Nadi Shodhana or Alternate Nostril Breathing Instructions
When you’re feeling stressed, anxious, or in need of a reset button.
Take a comfortable and tall seat, making sure your spine is straight and your heart is open
Relax your left hand on your left knee. Lift your right hand up toward your nose. with your pointer finger + middle finger to rest between your eyebrows
Exhale completely and then use your right thumb to close your right nostril.

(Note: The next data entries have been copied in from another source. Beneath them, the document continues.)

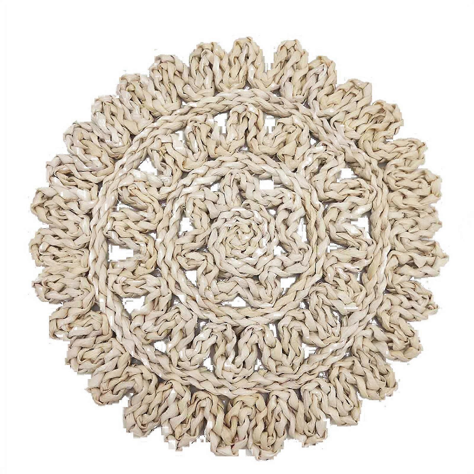 Natural Straw Round Woven Placemat Table Mats Placemat Heat Insulation Non-Slip Placemat Corn Husk Flower Woven Round Placemat, 38CM,A1
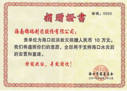 面对海南历史罕见的强降雨灾害,锦瑞制药股份有限公司积极参与捐款,密切关注灾情,与灾区人民心连心!做为一家初创期企业,公司仍坚持“积极践行社会责任、关注社会公益、饮水思源、回馈社会”的观念,充分体现了一个企业强烈的社会责任感。
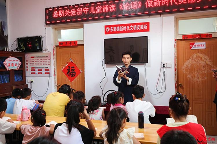 7月29日,滕州市东郭镇新时代文明实践所、市志愿者协会联合东郭中心卫生院在市关爱留守儿童成长基地、东郭镇前明村新时代文明实践所家庭站开展暑期关爱留守儿童“以一颗诗心慢度生活”宣讲志愿活动,大学生志愿者、前明村青少年儿童参加活动。
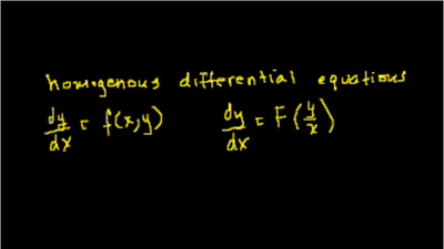 In this equations, all of the fat is fully mixed in so it doesn't collect at the top. No (that would be homogenized equations).Actually, the term "homogeneous" is way overused in differential equations. In this tutorial, we'll look at equations of the form y'=(F(y/x)).
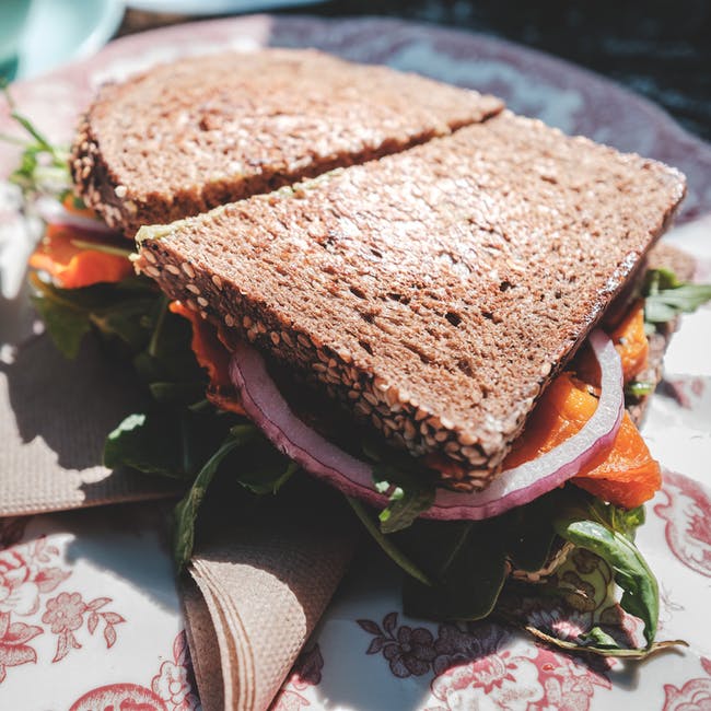 美味的素食三明治,红洋葱和晒干的番茄 · 免费素材图片
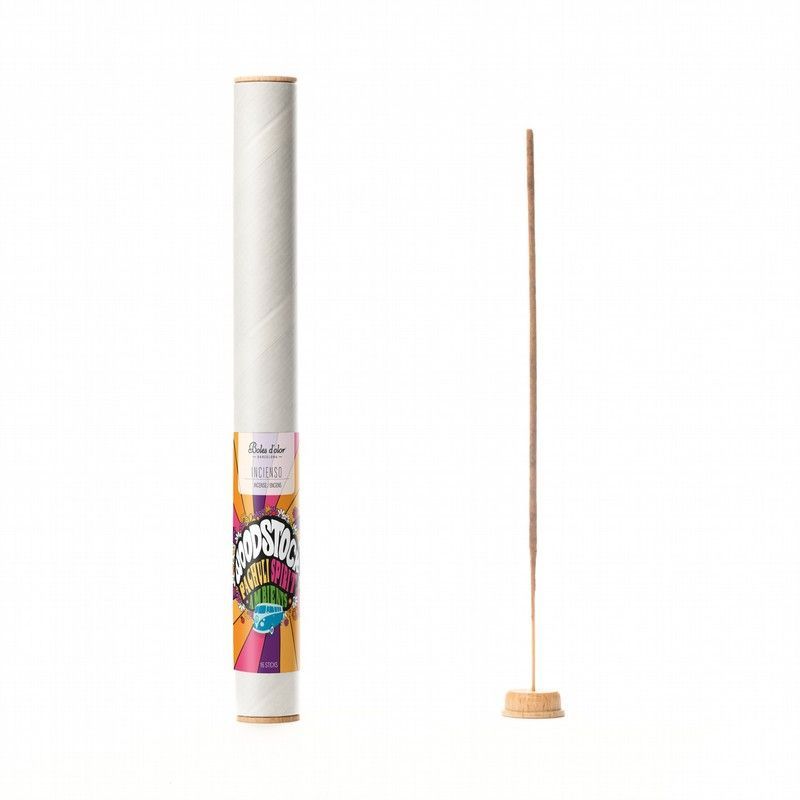 Incienso Woodstock en tubo de cartón con diseño psicodélico y colores vibrantes. Ideal para crear una atmósfera relajante y aromática en tu hogar. Incluye 16 varillas de incienso de madera con base de madera para una experiencia sensorial única. Perfecto para amantes de la decoración bohemia y aromaterapia.

Inhale through your left nostril and then close the left nostril with your ring finger so both nostrils are held and closed
Retain your breath at the top of the inhale for a brief pause
Open the right nostril and slowly exhale through this side; pause briefly at the bottom of the exhale
Inhale through the right nostril and then close this nostril
Open the left nostril and exhale through the left side
This is one cycle. Continue for up to 5 minutes. Always complete the practice by finishing with an exhale on the left side
Repeat for 5-10 cycles, allowing your mind to follow your inhales and exhales. If you’re moving through the sequence slowly, one cycle should take you about 30-40 seconds.
Tip: Consistency is helpful, so try to match the length of your inhales, pauses, and exhales. For example, you can start to inhale for a count of five, hold for five, exhale for five, hold for five. You can slowly increase your count as you refine your practice.
*Please note that some tools may have medical restrictions. Consult with a medical professional for guidance.